Ia berharap langkah penghapusan klasterisasi guru dan penerapan satu sistem rekrutmen nasional menjadi solusi jangka panjang untuk memperbaiki nasib guru sekaligus meningkatkan kualitas pendidikan nasional. "Guru adalah fondasi utama pembangunan sumber daya manusia Indonesia. Negara harus memberikan kepastian status, karier, dan kesejahteraan secara setara bagi seluruh guru," pungkas Lalu.
Klarifikasi Pemerintah Terkait Guru Non-ASN
Sebelumnya, pemerintah meluruskan misinformasi bahwa guru non-ASN akan dirumahkan pada tahun 2027. Direktur Jenderal Guru dan Tenaga Kependidikan (Dirjen GTK) Kemendikdasmen, Nunuk Suryani, menegaskan pihaknya masih membutuhkan peran guru non-ASN untuk mengisi kekurangan formasi di berbagai daerah. "Ada 200 ribu lebih Guru Non-ASN yang terdata di Dapodik, mereka belum berstatus ASN dan mengajar di sekolah negeri. Menurut data kami, kami masih membutuhkan keberadaan mereka," kata Nunuk di Kupang, NTT, Selasa (5/5/2026).

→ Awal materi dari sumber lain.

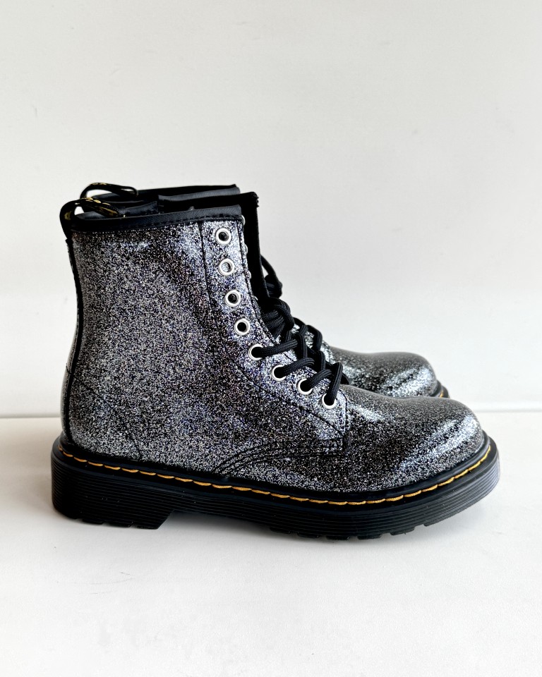 Dr. Martens anfibio in pelle lucida nera con effetto in glitter argento.

Kemendikdasmen mengeluarkan Surat Edaran Mendikdasmen Nomor 7 Tahun 2026 untuk memberikan kepastian perpanjangan masa kerja dan penggajian kepada guru non-ASN, yang penataannya dianggap telah diselesaikan paling lambat Desember 2024 berdasarkan UU No 20 Tahun 2023 tentang ASN. Melalui surat edaran tersebut, Nunuk mengatakan Kemendikdasmen memberikan kepastian masa kerja dan penggajian hingga 31 Desember 2026, dengan ketentuan: guru non-ASN yang memiliki sertifikat pendidik dan memenuhi beban kerja mendapat tunjangan profesi guru; yang memiliki sertifikat pendidik namun tidak memenuhi beban kerja mendapat insentif; dan yang belum memiliki sertifikat pendidik juga mendapat insentif dari Kemendikdasmen.

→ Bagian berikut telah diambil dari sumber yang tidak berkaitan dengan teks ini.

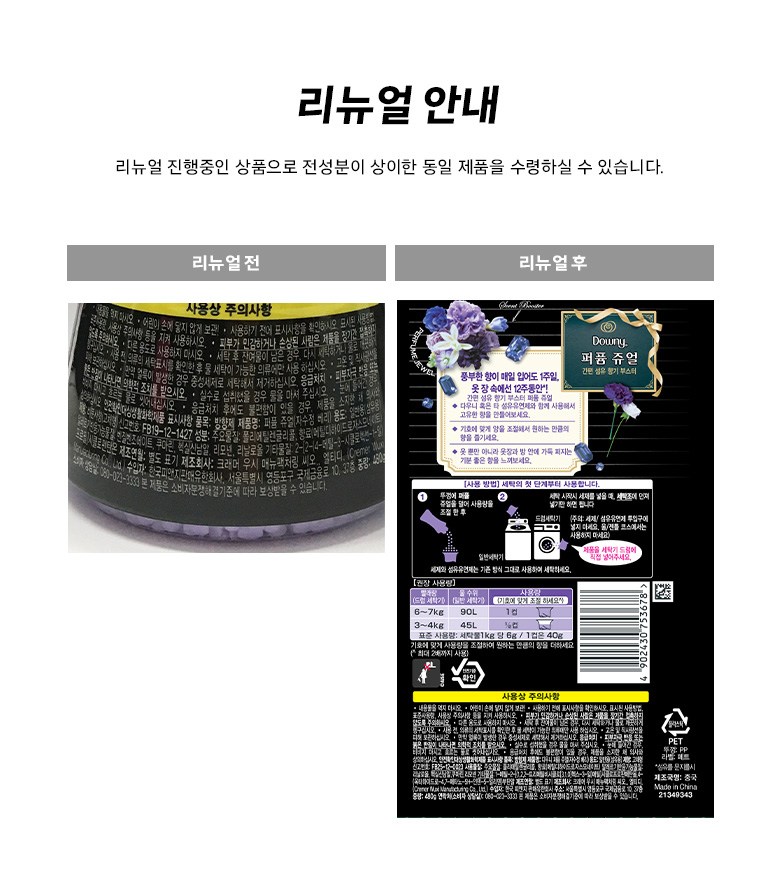 | 품목 및 제품명 | 방향제ㅣ리뉴얼 전 : 퍼퓸 쥬얼(자수정 베리) / 리뉴얼 후 : 다우니 퍼퓸 쥬얼(자수정 베리) | 용도(표백제의 경우 계열을 함께표시) 및 제형 | 일반용 (섬유용) / 고체형 |

Masa Depan Guru Non-ASN Setelah 2026
Terkait masa depan guru non-ASN setelah 31 Desember 2026, Nunuk menyatakan Kemendikdasmen tengah merumuskan skema baru penugasan guru non-ASN yang perannya masih sangat dibutuhkan, khususnya di wilayah 3T. "Masyarakat diharapkan tidak perlu resah. Kami terus perjuangkan guru non-ASN," tegasnya. Dengan demikian, pemerintah berkomitmen untuk tidak merumahkan guru non-ASN, melainkan mencari solusi berkelanjutan bagi mereka.